▶ [Records shown]:
= Beginning of Section =

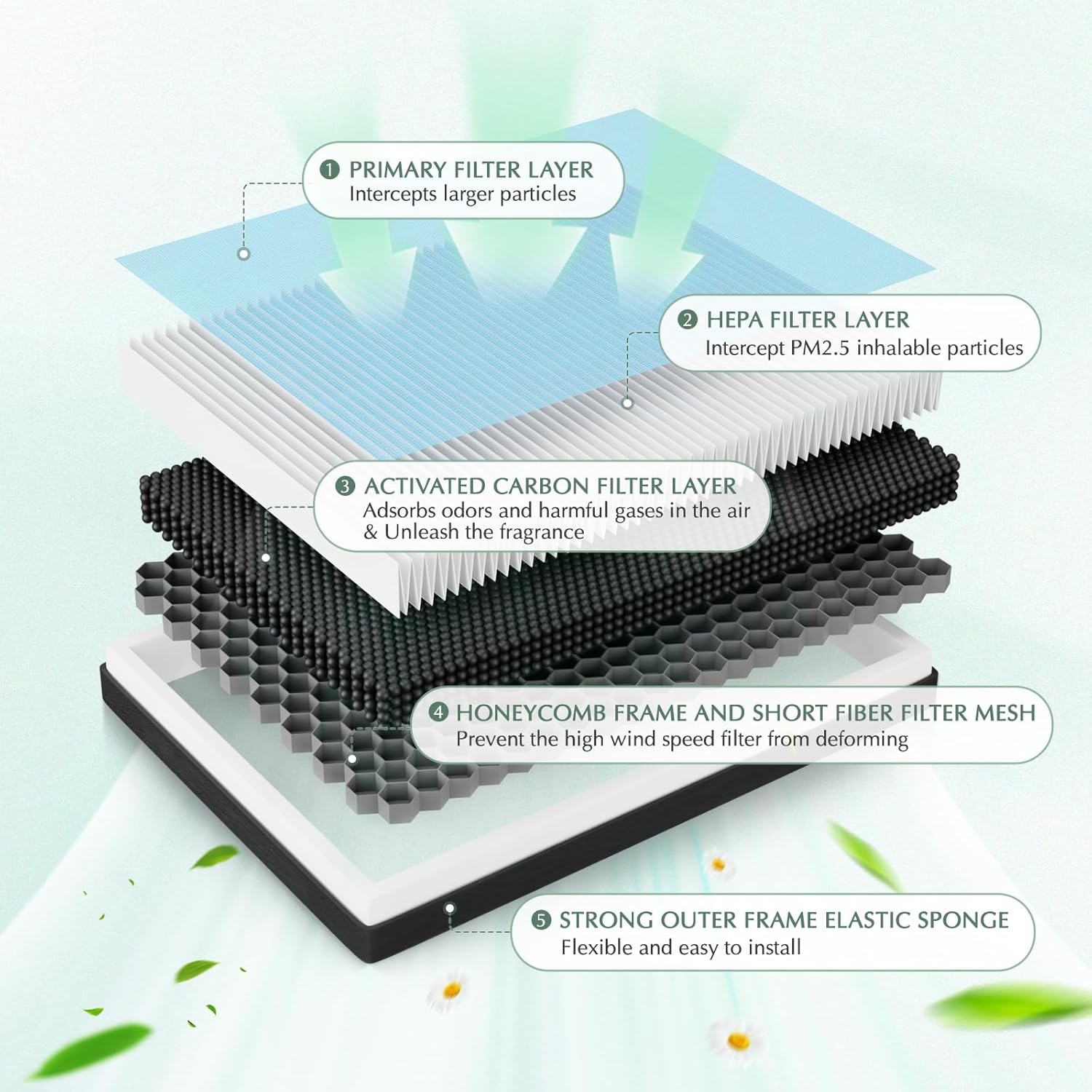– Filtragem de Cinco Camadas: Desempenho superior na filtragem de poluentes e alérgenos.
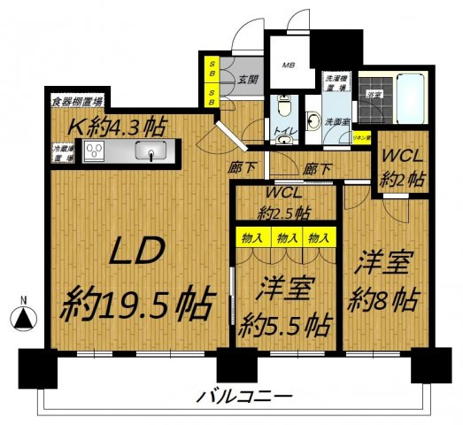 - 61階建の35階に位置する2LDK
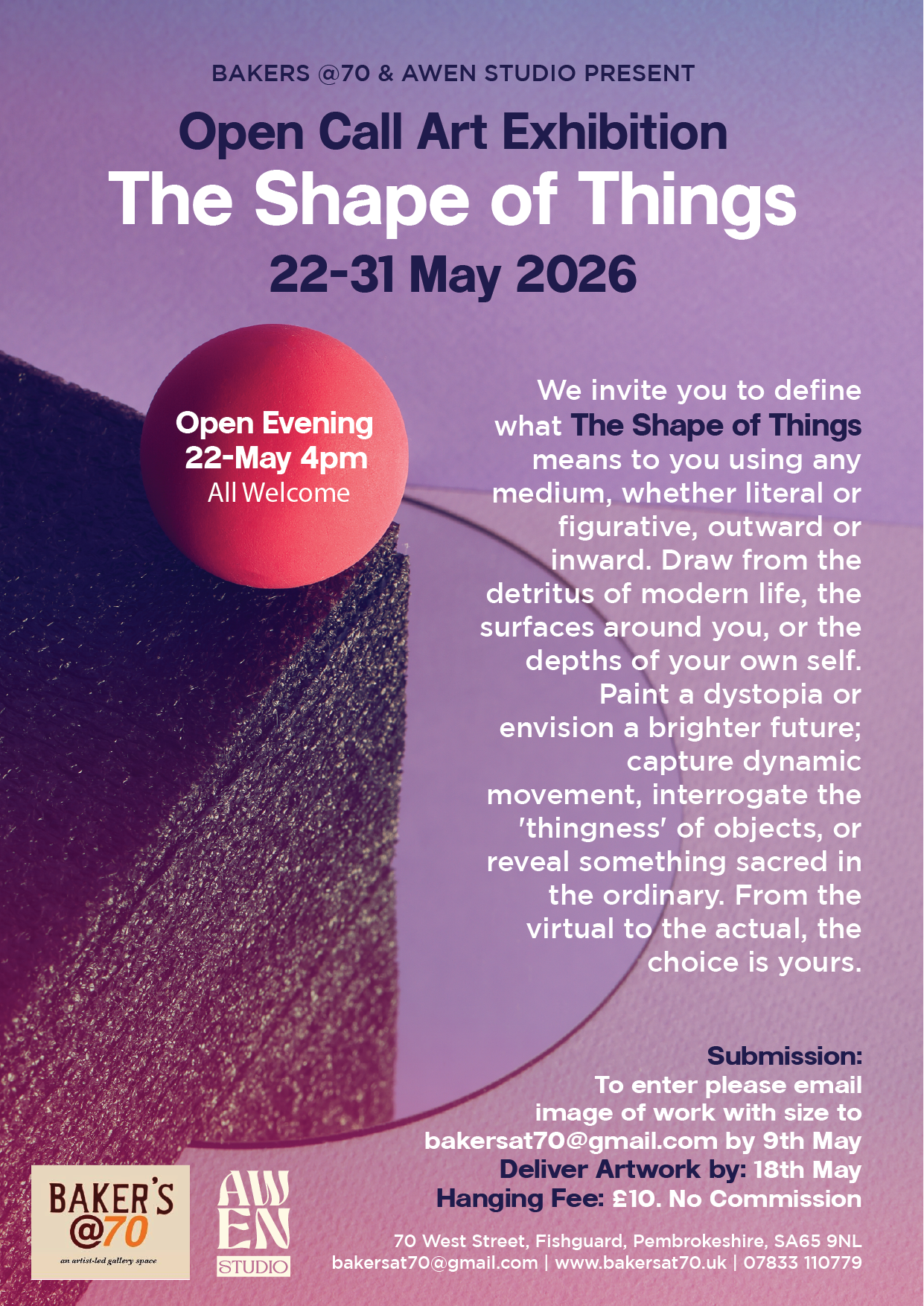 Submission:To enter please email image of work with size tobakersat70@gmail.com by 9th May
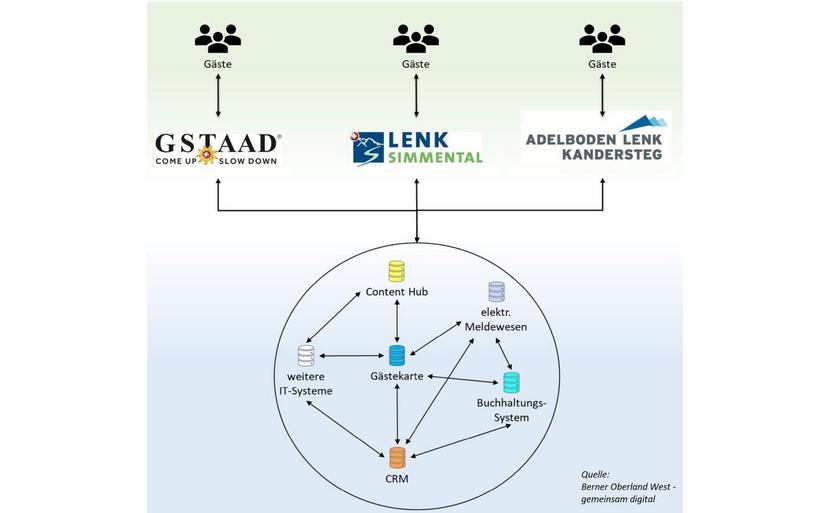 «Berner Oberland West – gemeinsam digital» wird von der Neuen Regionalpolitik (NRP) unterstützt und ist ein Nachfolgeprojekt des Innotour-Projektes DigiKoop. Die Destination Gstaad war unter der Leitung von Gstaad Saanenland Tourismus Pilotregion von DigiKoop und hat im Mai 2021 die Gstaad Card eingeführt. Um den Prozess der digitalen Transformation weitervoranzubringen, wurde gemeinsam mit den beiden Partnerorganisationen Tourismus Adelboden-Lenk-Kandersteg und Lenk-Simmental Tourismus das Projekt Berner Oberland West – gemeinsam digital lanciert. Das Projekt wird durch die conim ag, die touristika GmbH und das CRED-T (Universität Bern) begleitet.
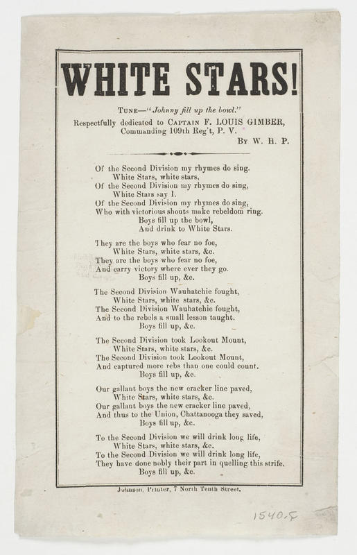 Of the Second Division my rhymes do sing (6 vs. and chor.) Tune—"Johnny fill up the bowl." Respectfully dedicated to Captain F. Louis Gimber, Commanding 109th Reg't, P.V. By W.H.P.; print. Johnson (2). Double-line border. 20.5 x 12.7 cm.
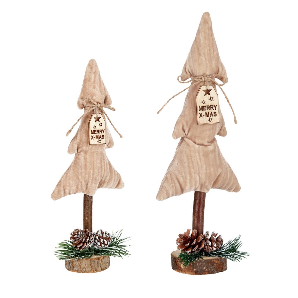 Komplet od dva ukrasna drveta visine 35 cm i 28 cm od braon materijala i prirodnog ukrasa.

= End of Section =
= Beginning of Section =

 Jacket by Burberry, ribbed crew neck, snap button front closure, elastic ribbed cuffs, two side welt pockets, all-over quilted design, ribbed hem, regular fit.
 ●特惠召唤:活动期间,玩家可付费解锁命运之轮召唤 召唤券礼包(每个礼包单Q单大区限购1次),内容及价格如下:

= End of Section =
= Beginning of Section =

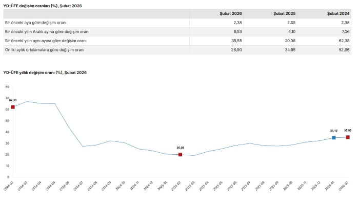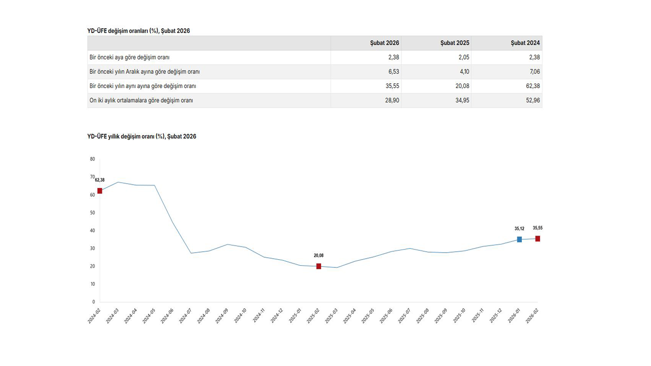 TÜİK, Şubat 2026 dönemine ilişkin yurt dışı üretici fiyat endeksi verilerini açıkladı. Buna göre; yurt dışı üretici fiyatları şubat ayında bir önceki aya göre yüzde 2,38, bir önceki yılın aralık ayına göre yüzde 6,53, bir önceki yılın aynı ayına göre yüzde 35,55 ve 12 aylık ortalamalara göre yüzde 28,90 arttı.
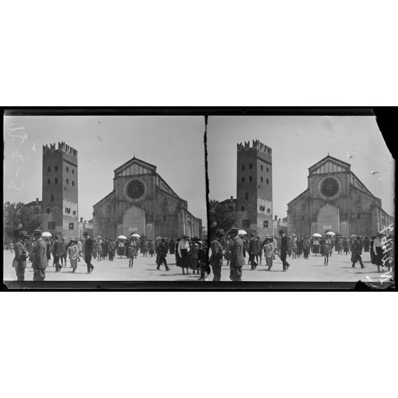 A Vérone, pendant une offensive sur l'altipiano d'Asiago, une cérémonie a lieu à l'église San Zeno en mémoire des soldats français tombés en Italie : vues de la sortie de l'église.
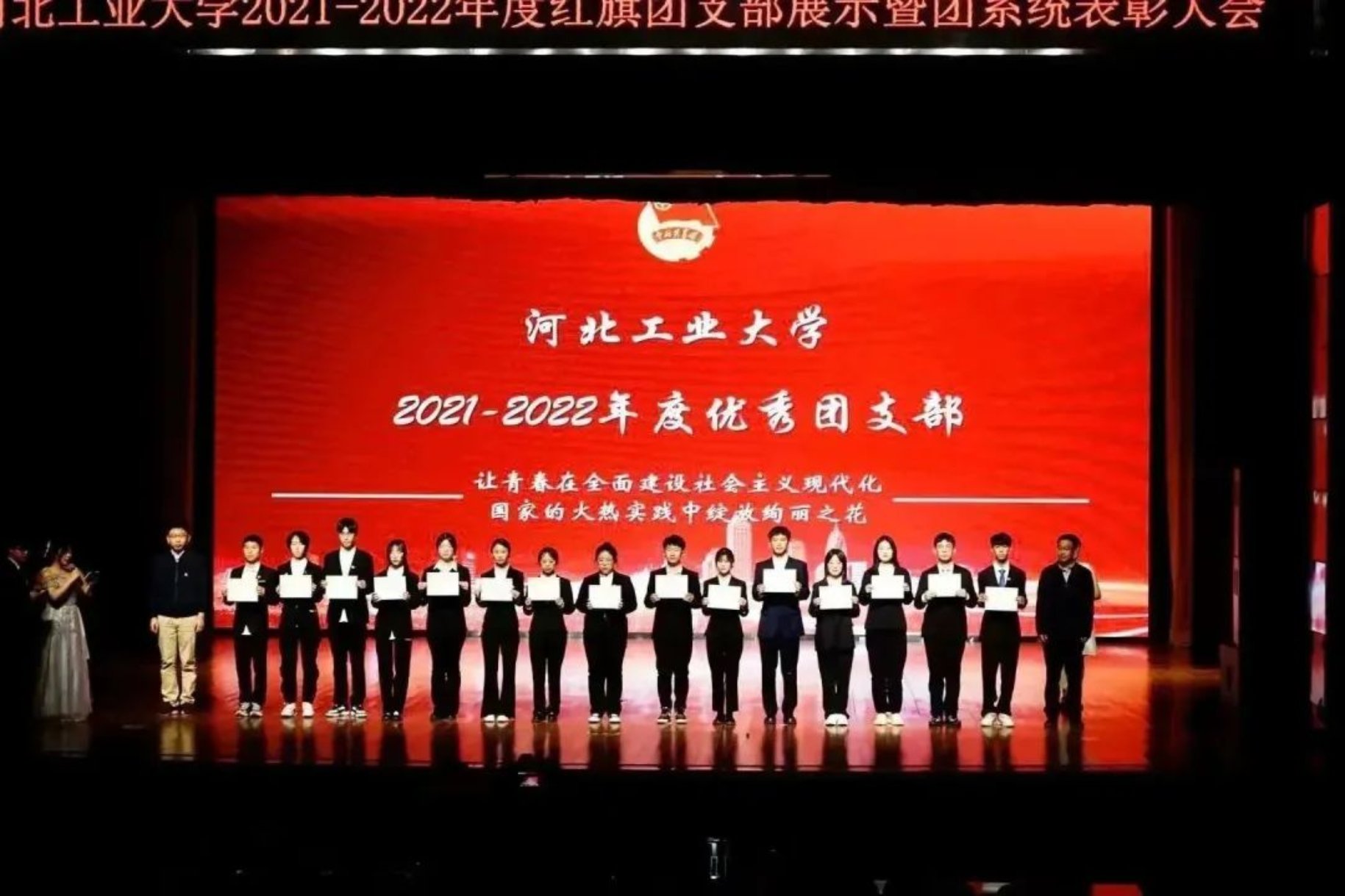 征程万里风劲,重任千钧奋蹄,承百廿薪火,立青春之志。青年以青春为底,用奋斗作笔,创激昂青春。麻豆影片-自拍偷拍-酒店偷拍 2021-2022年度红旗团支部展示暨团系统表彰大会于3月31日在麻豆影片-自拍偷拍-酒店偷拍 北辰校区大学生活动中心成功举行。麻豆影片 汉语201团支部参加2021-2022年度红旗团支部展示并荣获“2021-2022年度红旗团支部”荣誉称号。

= End of Section =

▶ [Directions for this task]:
No picture is to be printed. Output exactly the lines above from the line containing "poluentes e alérgenos." through the line containing "Komplet od dva".

▶ [Result]:
– Filtragem de Cinco Camadas: Desempenho superior na filtragem de poluentes e alérgenos.
 - 61階建の35階に位置する2LDK
 Submission:To enter please email image of work with size tobakersat70@gmail.com by 9th May
 «Berner Oberland West – gemeinsam digital» wird von der Neuen Regionalpolitik (NRP) unterstützt und ist ein Nachfolgeprojekt des Innotour-Projektes DigiKoop. Die Destination Gstaad war unter der Leitung von Gstaad Saanenland Tourismus Pilotregion von DigiKoop und hat im Mai 2021 die Gstaad Card eingeführt. Um den Prozess der digitalen Transformation weitervoranzubringen, wurde gemeinsam mit den beiden Partnerorganisationen Tourismus Adelboden-Lenk-Kandersteg und Lenk-Simmental Tourismus das Projekt Berner Oberland West – gemeinsam digital lanciert. Das Projekt wird durch die conim ag, die touristika GmbH und das CRED-T (Universität Bern) begleitet.
 Of the Second Division my rhymes do sing (6 vs. and chor.) Tune—"Johnny fill up the bowl." Respectfully dedicated to Captain F. Louis Gimber, Commanding 109th Reg't, P.V. By W.H.P.; print. Johnson (2). Double-line border. 20.5 x 12.7 cm.
 Komplet od dva ukrasna drveta visine 35 cm i 28 cm od braon materijala i prirodnog ukrasa.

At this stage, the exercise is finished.